La ministre de la culture (re)lance la préfiguration d’un CNM pour 2019

Publié le jeudi 26 avril 2018

POLITIQUE

À Bourges, la ministre de la Culture, Françoise Nyssen, a annoncé sa volonté de voir se créer un Centre national de la musique (CNM) en lançant une mission de préfiguration confiée à deux députés.

Déjà envisagé en 2011, suite à la publication du rapport « Création musicale et diversité à l’ère numérique », le principe d’un opérateur public transversal pour l’ensemble de la filière musicale avait été abandonné après une longue phase de préfiguration menée une association dédiée. Cet arrêt brutal d’un projet porté par un grand nombre d’organisations professionnelles, signataires d’un accord-cadre, avait laissé un goût amer.

Peu après son arrivée rue de Valois, Françoise Nyssen rouvrait le dossier en commandant à Roch-Olivier Maistre un rapport sur l’opportunité d’une « maison commune de la musique ». Rendu en octobre, ce rapport, encore une fois salué par la profession y compris dans le champ du classique, reprenait le terme en s’intitulant « Rassembler la musique pour un centre national ».

Et c’est donc, hier, au 42e Printemps de Bourges, que la ministre a annoncé dans un discours très appuyé sa volonté d’engager le processus ambitionnant « une nouvelle politique pour la musique ».

Une mission parlementaire

« Je vous confirme aujourd’hui que le rapport [Maistre] sera suivi : nous allons créer un Centre National de la Musique » a-t-elle déclaré. Ainsi, pour préparer la création de « ce nouvel établissement public qui viendra remplacer le CNV », Françoise Nyssen a confié une nouvelle mission, à deux députés cette fois. Emilie Cariou et Pascal Bois devront donc :
-  Préparer l’avant-projet de texte instituant l’établissement ;
-  Clarifier son organisation et sa gouvernance ;
-  Clarifier les besoins de la filière et ses financements.

Indiquant une remise de conclusions pour septembre, elle précise « Ils ne partent pas d’une feuille blanche. J’ai déjà défini un cadre global, que la préfiguration doit permettre de préciser et de concrétiser ». Ainsi, ce CNM « regroupera quatre missions de service public, aujourd’hui dispersées entre diverses organisations ou ne faisant l’objet d’aucun portage » :
-  l’observation des activités de la filière ;
-  le soutien économique aux acteurs ;
-  le développement international ;
-  l’information et la formation des professionnels.
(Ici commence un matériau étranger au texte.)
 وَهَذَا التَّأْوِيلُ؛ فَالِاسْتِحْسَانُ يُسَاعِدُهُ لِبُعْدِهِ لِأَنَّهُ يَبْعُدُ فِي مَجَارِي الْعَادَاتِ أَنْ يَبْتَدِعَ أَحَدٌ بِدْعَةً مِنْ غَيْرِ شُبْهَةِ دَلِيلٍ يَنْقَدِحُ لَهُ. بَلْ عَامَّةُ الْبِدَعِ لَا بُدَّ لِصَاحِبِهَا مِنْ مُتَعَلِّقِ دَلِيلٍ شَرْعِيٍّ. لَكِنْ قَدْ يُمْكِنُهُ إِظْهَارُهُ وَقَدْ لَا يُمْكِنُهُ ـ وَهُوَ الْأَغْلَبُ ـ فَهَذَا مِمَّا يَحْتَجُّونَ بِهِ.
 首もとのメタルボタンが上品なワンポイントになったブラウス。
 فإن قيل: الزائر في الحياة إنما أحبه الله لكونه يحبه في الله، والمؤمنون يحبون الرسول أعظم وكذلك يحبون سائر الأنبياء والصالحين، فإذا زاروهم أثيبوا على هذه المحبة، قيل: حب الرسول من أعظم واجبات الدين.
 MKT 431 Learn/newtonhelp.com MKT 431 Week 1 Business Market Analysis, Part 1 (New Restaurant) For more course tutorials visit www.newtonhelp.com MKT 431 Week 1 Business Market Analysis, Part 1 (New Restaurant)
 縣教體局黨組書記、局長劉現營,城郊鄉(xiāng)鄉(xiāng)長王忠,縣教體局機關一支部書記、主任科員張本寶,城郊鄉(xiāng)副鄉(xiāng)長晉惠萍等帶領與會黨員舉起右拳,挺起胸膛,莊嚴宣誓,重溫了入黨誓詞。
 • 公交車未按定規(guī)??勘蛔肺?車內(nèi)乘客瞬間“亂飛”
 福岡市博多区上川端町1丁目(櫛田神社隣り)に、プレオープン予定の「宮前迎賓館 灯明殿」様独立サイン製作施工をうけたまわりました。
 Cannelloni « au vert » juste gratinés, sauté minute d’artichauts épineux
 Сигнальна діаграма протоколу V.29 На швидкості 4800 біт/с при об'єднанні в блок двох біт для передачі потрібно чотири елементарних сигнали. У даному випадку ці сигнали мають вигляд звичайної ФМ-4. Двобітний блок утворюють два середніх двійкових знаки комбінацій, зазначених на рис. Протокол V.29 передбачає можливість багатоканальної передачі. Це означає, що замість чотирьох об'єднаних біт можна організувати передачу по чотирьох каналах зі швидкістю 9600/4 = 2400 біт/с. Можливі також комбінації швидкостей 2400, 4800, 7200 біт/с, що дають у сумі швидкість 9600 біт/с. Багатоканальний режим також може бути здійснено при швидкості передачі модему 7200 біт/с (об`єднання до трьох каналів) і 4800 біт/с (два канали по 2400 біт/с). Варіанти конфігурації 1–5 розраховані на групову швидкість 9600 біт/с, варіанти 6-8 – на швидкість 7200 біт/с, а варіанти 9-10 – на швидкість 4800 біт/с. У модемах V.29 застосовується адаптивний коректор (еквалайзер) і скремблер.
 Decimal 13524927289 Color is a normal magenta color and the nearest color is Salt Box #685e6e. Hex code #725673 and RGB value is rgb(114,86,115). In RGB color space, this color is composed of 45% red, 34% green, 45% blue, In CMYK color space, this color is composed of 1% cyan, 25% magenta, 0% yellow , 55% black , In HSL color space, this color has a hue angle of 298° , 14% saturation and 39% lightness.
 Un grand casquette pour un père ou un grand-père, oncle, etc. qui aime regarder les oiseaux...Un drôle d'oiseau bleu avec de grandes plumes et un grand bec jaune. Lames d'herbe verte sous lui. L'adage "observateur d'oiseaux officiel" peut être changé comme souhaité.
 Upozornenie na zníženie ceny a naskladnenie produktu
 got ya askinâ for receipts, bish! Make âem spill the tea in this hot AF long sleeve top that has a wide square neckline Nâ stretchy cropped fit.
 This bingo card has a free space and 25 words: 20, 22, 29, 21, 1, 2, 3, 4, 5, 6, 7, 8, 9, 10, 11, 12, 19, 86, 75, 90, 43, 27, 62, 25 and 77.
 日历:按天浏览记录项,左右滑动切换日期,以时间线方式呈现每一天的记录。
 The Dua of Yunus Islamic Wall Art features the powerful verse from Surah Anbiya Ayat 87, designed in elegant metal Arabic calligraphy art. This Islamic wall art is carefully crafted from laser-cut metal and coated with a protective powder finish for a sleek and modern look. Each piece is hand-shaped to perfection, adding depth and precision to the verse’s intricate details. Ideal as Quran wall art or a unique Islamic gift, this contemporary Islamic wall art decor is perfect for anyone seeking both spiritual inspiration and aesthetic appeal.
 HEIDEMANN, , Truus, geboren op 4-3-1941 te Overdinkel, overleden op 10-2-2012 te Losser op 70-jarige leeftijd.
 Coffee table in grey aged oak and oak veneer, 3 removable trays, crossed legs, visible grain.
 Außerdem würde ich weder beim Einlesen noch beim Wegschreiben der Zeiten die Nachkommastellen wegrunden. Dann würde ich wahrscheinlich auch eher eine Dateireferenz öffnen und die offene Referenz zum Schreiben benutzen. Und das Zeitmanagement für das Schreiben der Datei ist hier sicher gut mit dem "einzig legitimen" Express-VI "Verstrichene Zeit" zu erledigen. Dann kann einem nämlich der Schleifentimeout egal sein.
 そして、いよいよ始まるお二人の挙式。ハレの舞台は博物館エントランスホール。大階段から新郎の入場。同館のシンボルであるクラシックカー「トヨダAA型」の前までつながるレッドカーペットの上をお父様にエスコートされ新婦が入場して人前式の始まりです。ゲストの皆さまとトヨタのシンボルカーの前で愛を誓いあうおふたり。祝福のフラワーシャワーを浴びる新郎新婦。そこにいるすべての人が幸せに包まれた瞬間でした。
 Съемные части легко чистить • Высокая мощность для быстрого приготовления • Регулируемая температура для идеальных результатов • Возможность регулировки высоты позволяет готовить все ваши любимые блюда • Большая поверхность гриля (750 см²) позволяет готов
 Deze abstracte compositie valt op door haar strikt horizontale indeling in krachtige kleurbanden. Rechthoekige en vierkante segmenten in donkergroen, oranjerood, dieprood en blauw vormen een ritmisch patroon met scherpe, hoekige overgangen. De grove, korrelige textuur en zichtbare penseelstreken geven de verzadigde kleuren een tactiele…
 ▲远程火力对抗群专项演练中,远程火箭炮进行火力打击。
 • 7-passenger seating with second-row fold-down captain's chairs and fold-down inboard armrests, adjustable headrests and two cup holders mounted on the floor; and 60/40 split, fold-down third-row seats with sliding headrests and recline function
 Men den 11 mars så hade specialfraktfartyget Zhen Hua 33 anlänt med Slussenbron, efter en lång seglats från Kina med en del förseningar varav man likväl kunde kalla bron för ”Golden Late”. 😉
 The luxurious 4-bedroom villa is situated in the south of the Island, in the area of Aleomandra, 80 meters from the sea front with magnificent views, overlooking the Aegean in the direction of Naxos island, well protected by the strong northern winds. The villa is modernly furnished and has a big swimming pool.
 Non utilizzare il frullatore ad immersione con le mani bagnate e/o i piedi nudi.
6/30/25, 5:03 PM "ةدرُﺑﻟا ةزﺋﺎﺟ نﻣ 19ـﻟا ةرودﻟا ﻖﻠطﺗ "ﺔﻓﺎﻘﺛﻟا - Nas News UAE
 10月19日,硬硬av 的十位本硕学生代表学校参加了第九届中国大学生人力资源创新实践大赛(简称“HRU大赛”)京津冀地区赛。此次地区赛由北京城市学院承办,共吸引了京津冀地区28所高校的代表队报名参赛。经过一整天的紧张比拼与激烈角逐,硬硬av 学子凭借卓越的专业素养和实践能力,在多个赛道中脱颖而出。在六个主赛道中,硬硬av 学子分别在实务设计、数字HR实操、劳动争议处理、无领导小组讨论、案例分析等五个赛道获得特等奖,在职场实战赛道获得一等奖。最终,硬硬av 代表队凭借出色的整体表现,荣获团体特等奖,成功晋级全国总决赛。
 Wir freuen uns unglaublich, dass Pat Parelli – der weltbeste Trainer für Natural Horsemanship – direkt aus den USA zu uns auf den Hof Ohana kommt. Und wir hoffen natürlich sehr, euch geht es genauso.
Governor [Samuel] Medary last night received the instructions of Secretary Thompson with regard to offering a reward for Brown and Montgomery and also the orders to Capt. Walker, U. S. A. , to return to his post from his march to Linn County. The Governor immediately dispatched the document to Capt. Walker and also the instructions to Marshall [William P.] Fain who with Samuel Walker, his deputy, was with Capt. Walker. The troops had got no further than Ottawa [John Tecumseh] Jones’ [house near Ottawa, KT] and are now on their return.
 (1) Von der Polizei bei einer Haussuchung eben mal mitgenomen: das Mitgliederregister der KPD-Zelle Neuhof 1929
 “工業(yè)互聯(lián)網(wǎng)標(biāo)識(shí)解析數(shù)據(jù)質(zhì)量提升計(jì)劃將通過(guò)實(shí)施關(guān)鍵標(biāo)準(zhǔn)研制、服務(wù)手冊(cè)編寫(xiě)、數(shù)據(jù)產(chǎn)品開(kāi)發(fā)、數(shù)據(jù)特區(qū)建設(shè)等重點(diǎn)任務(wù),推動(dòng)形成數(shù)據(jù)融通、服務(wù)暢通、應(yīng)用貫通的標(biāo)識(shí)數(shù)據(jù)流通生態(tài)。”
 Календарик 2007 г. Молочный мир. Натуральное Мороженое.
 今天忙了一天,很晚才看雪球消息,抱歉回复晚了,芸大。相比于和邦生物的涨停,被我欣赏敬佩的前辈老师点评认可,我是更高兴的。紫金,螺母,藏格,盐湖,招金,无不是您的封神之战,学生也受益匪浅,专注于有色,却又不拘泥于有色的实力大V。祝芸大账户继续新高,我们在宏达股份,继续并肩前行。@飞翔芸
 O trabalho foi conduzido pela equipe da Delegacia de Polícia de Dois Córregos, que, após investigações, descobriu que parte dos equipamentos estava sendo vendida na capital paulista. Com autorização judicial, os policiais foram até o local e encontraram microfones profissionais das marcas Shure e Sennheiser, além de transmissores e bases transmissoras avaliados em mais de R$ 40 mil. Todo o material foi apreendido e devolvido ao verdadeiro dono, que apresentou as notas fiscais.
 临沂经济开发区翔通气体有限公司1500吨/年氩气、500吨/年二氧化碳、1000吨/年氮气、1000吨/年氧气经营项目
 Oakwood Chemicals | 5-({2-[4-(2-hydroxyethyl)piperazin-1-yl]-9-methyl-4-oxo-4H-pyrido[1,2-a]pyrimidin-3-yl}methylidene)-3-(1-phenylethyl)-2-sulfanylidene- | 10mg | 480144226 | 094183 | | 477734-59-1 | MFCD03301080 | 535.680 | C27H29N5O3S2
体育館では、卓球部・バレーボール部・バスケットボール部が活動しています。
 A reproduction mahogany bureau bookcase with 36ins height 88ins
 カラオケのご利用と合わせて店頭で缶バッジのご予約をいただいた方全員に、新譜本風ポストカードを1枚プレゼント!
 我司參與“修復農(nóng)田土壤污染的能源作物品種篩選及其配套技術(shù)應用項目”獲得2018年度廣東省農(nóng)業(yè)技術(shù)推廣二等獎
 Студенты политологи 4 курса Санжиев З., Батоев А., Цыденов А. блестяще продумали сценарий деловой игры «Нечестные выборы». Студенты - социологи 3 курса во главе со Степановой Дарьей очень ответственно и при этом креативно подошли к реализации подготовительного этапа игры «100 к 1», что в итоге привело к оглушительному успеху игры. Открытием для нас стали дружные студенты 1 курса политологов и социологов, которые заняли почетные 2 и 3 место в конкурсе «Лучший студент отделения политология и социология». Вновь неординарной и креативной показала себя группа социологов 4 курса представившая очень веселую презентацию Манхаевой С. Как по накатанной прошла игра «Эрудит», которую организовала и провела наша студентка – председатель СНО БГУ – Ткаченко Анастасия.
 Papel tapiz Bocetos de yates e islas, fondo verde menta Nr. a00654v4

Périmètre, financement et gouvernance

Gérant les crédits d’impôts, son périmètre d’action aura vocation à se porter sur « toute la filière - de la musique enregistrée à la musique “live” ». Cependant, la ministre a tenu à bien préciser :
-  le “secteur subventionné” (Smac comprises) continuera de faire l’objet d’un soutien direct du ministère, sans l’intermédiaire du Centre ;
-  l’intégration du Bureau Export « n’est pas d’actualité (…) [mais] la subvention de l’Etat au Burex transitera par le CNM ». En ce qui concerne son financement « Toutes les pistes doivent être explorées, qu’elles soient de nature fiscale, budgétaire ou encore partenariale » estimant que celles proposées par Roch-Olivier Maistre méritent une analyse approfondie que les deux députés vont réaliser d’ici la prochaine loi de finances. Quant à la gouvernance, elle souhaite que l’Etat y ait « une place centrale », précisant que la mission Parlementaire devra déterminer la place donnée aux organisations professionnelles et aux parties prenantes.

Ainsi, cette phase de « préfiguration opérationnelle » s’ouvrira dans les prochains jours, pour une ouverture « souhaitée début 2019 ».